Copy the listing below exactly, but skip the pictures.
Start of Recorded data
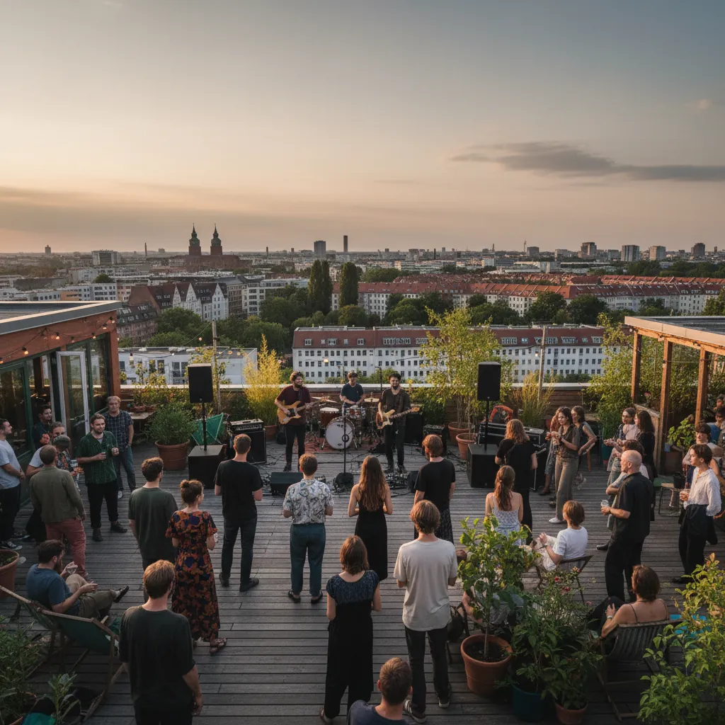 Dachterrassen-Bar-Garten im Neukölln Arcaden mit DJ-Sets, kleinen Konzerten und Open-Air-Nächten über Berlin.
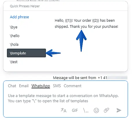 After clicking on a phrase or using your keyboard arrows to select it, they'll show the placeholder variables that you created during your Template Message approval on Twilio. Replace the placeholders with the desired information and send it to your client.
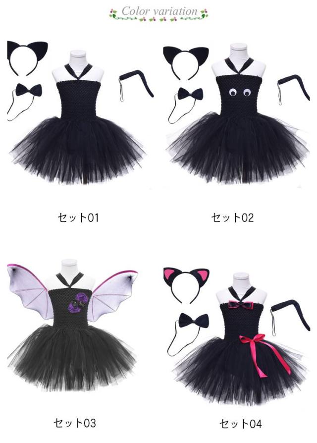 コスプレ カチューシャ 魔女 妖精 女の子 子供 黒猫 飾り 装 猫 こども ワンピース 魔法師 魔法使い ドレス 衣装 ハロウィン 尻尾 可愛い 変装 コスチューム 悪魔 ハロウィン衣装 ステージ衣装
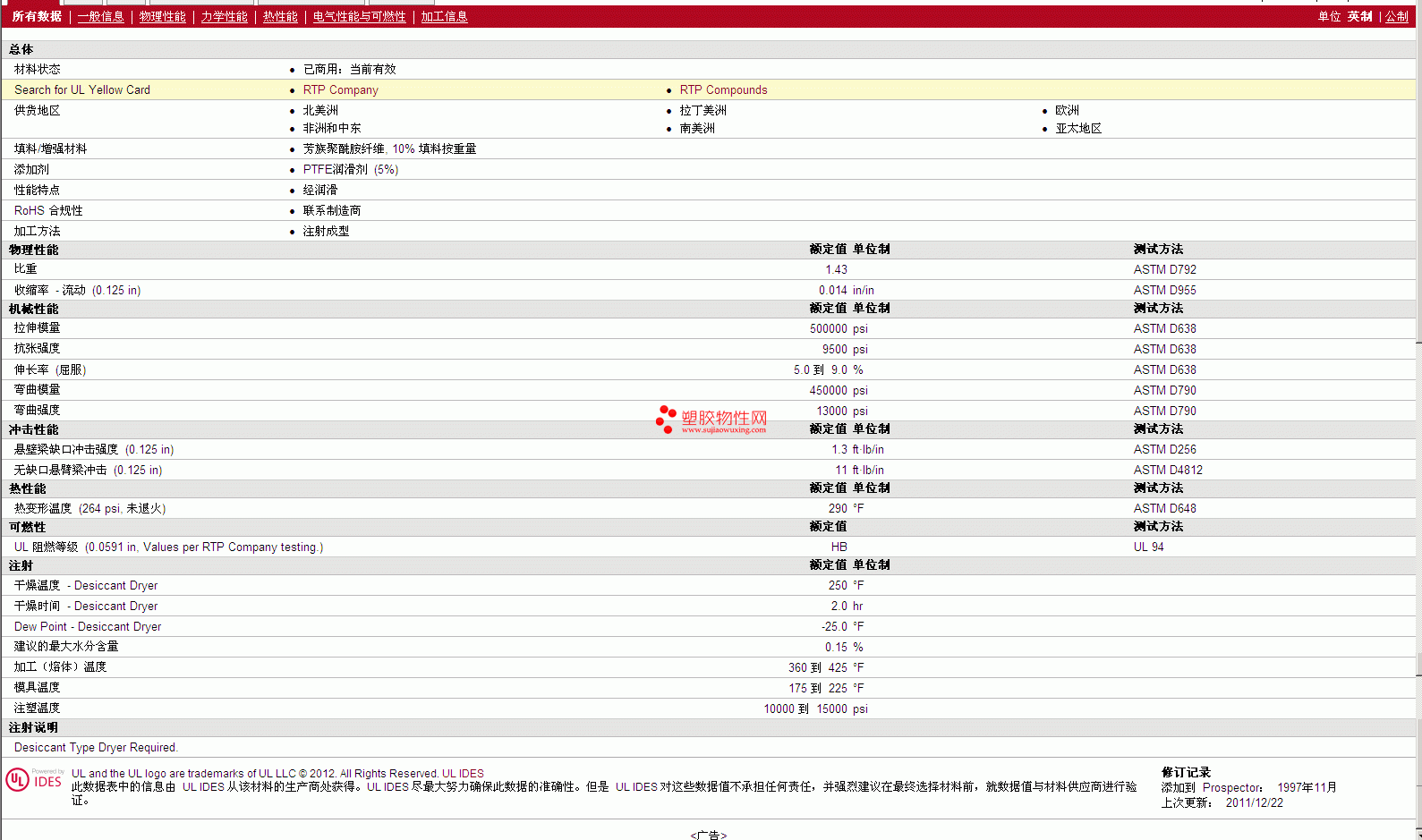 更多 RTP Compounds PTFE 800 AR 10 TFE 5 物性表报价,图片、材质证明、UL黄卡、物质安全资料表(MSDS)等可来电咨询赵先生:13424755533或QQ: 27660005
End of Recorded data
*Answer space*.
 Dachterrassen-Bar-Garten im Neukölln Arcaden mit DJ-Sets, kleinen Konzerten und Open-Air-Nächten über Berlin.
 After clicking on a phrase or using your keyboard arrows to select it, they'll show the placeholder variables that you created during your Template Message approval on Twilio. Replace the placeholders with the desired information and send it to your client.
 コスプレ カチューシャ 魔女 妖精 女の子 子供 黒猫 飾り 装 猫 こども ワンピース 魔法師 魔法使い ドレス 衣装 ハロウィン 尻尾 可愛い 変装 コスチューム 悪魔 ハロウィン衣装 ステージ衣装
 更多 RTP Compounds PTFE 800 AR 10 TFE 5 物性表报价,图片、材质证明、UL黄卡、物质安全资料表(MSDS)等可来电咨询赵先生:13424755533或QQ: 27660005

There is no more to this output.